Where I’m Actually Struggling
Subnetting speed. I can subnet correctly, but not at exam speed. I’m using subnettingpractice.com for five minutes every day until it’s reflexive.
Wireless concepts. My real-world wireless experience is with Meraki and UniFi, which abstract away the RF concepts the CCNA tests. DSSS vs OFDM, non-overlapping channels, BSS vs ESS, WPA3 authentication — these are pure memorization for me because I don’t interact with them at the physical layer in production.
QoS. Low-priority topic on the exam but worth understanding. I can configure QoS on Meraki through a policy, but I’ve never touched DSCP marking or queuing mechanisms at the IOS level.
The Lab Topology I’m Using
I’ll do a dedicated post on this with diagrams, but the short version:
- GNS3: 3–4 IOS routers for routing protocol labs (OSPF, BGP basics, static routing)
- Physical 3750G: All switching labs (VLANs, STP, EtherChannel, inter-VLAN routing)
- Physical ASA 5516-X: Firewall and ACL labs (NAT, extended ACLs, basic VPN)

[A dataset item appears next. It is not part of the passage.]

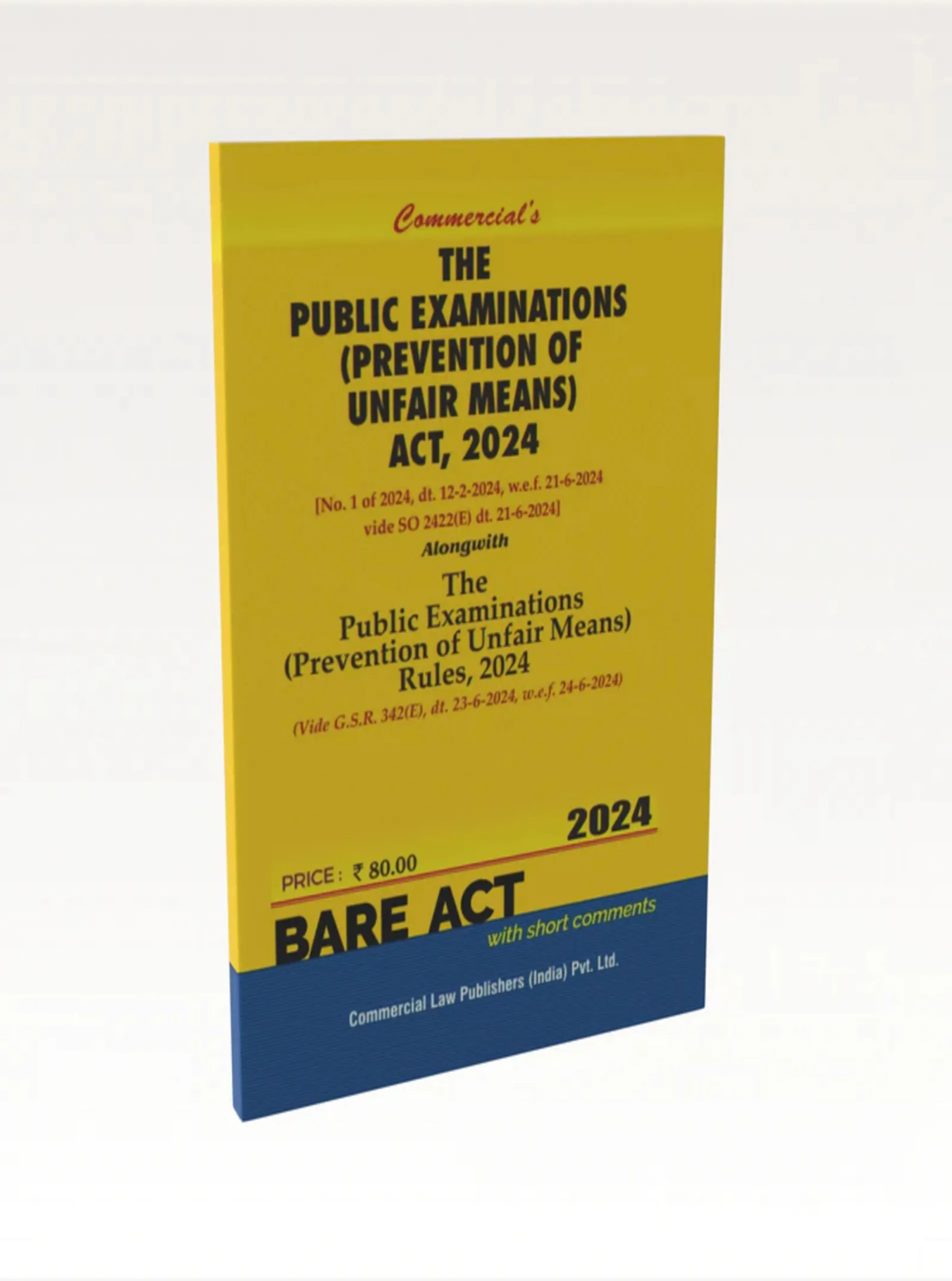 The Public Examinations (Prevention of Unfair Means) Act, 2024 is a landmark legislation designed to uphold integrity in India’s examination system by preventing cheating, fraud, and other unfair practices. This book provides a detailed commentary on the Act, explaining its objectives, legal provisions, and practical enforcement mechanisms.

- Cloud node in GNS3: Bridges virtual topology to physical lab for integrated scenarios
The integrated setup — where a GNS3 router exchanges OSPF routes with the physical 3750G — is particularly useful for understanding how virtual and physical topologies interact, which is relevant for real production environments and increasingly for cloud networking concepts.
Tracking Progress
I’m checking off topics in Jeremy’s official course checklist and tracking Boson practice exam scores in a spreadsheet. If I’m not consistently hitting 80%+ on a topic in practice exams after studying it, I go back to the material before moving on.
The target is June 2026. I’ll post an update when I have a scheduled date, and a proper retrospective after I take the exam.